*** PROVIDED MATERIAL ***
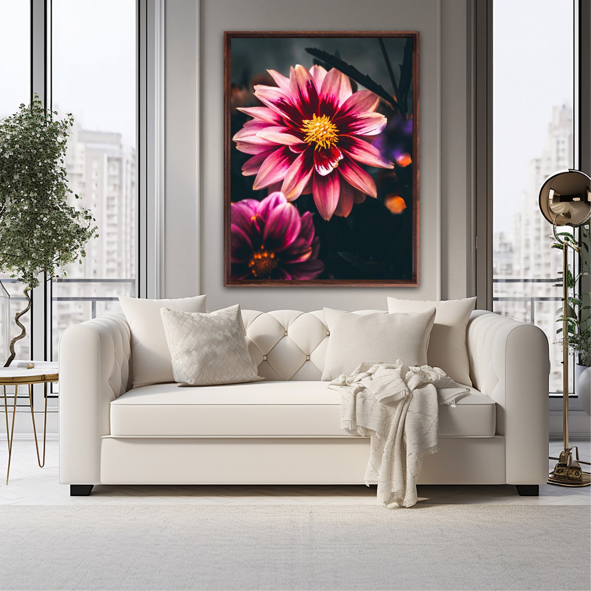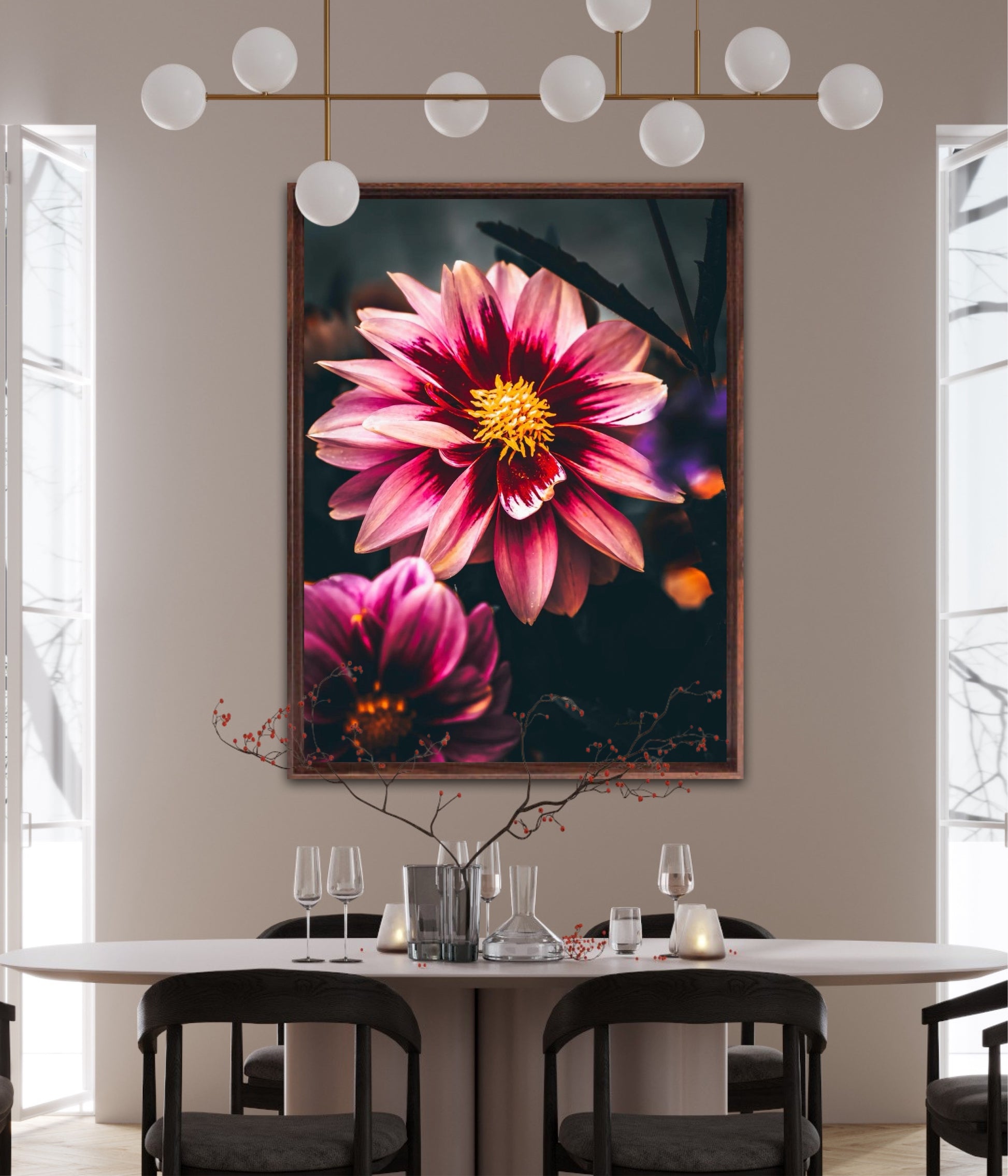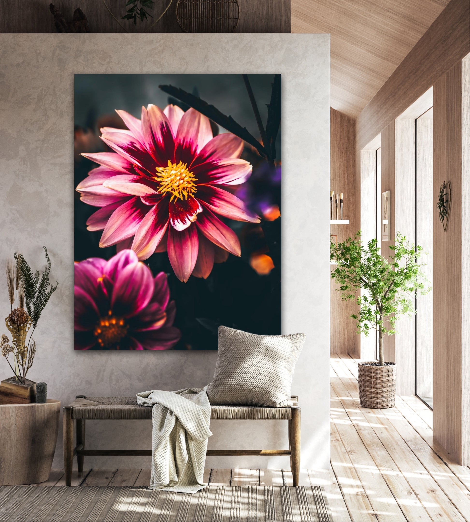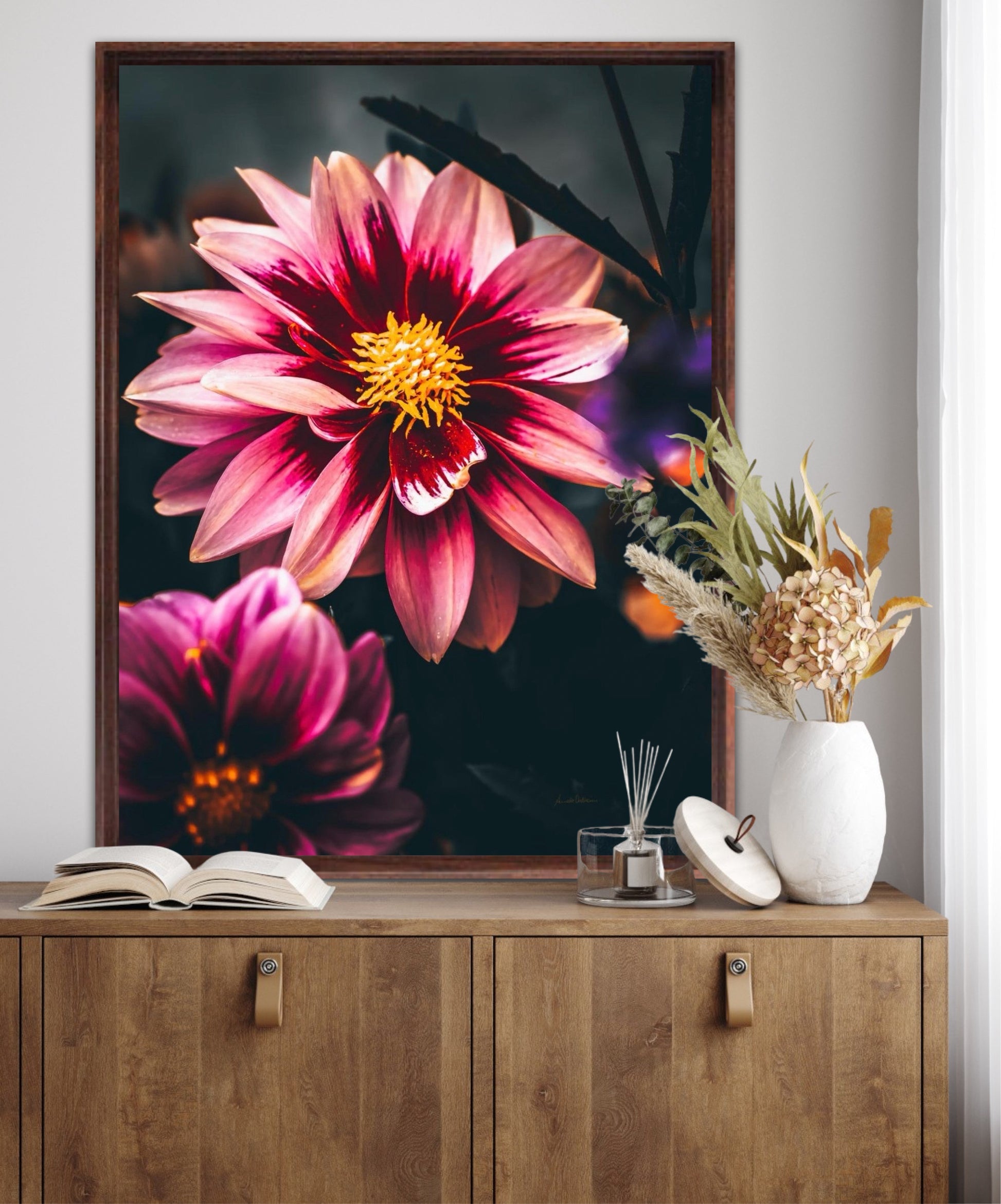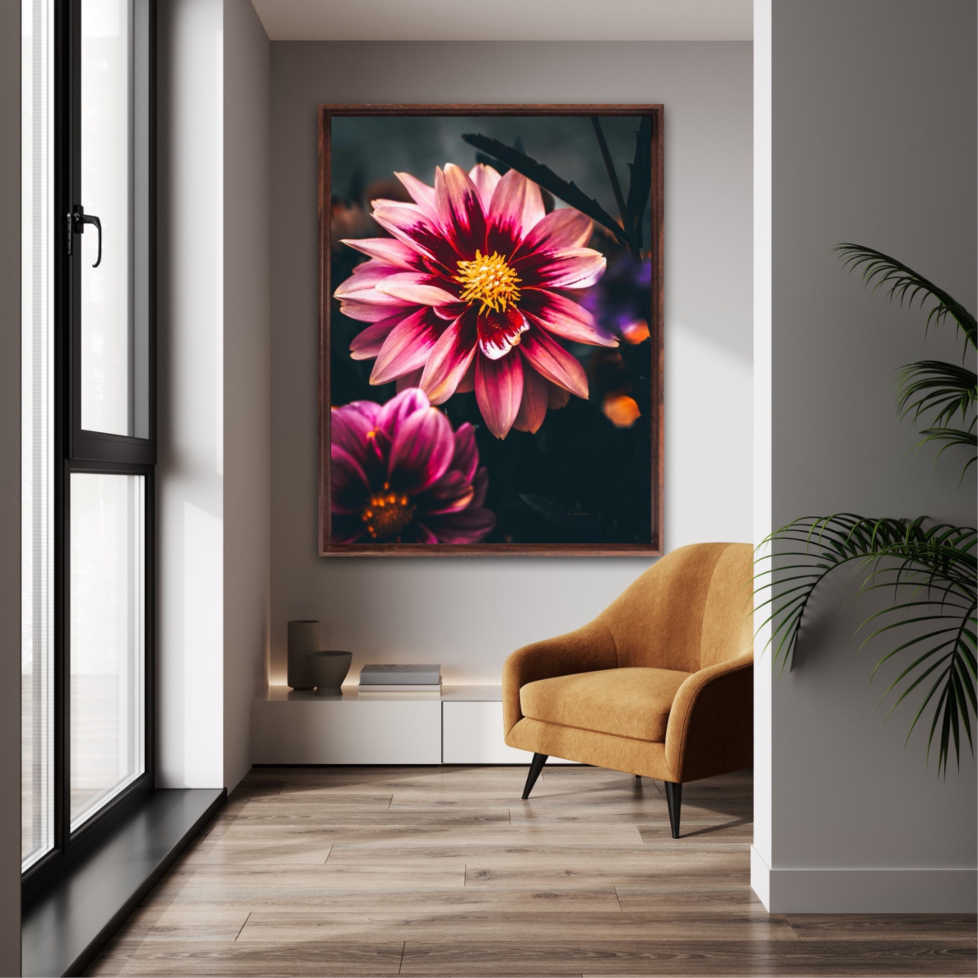 Striking photographic wall art of a Dahlia flower close up in stunning pink tones, on a dark background. This artwork will be a stand-out piece in your home and bring you peace and tranquility.
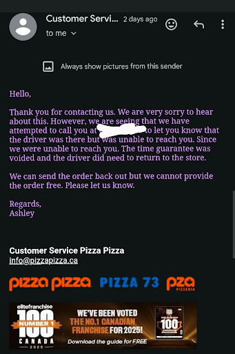 When I reached out to Pizza Pizza directly through their "feedback" email (which was copied and pasted by the owner on Google Maps), I received this dismissive and unhelpful response:
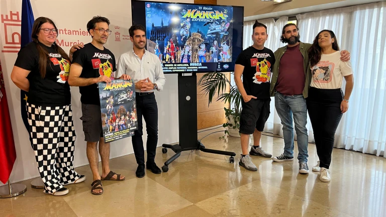 El concejal de Cultura e Identidad, Diego Avilés, acompañado por el director del Manga Experiencie, Tony Fernández, y la coordinadora del mismo, Yolanda Castaño; junto con los creadores del cartel oficial Salva Espín, Jorge Gómez (3 Áncoras) y Gema Over, han presentado la II edición de 'Manga Experience', que se celebrarán los próximos días 5 y 6 de octubre y espera reunir a miles de aficionados a la cultura manga y al anime tras el éxito del pasado año.
*** End of PROVIDED MATERIAL ***
→ YOUR GOAL:
Apart from the images, reproduce the listing exactly as it appears.

→ SOLUTION FOR THIS PROBLEM:
 Striking photographic wall art of a Dahlia flower close up in stunning pink tones, on a dark background. This artwork will be a stand-out piece in your home and bring you peace and tranquility.
 When I reached out to Pizza Pizza directly through their "feedback" email (which was copied and pasted by the owner on Google Maps), I received this dismissive and unhelpful response:
 El concejal de Cultura e Identidad, Diego Avilés, acompañado por el director del Manga Experiencie, Tony Fernández, y la coordinadora del mismo, Yolanda Castaño; junto con los creadores del cartel oficial Salva Espín, Jorge Gómez (3 Áncoras) y Gema Over, han presentado la II edición de 'Manga Experience', que se celebrarán los próximos días 5 y 6 de octubre y espera reunir a miles de aficionados a la cultura manga y al anime tras el éxito del pasado año.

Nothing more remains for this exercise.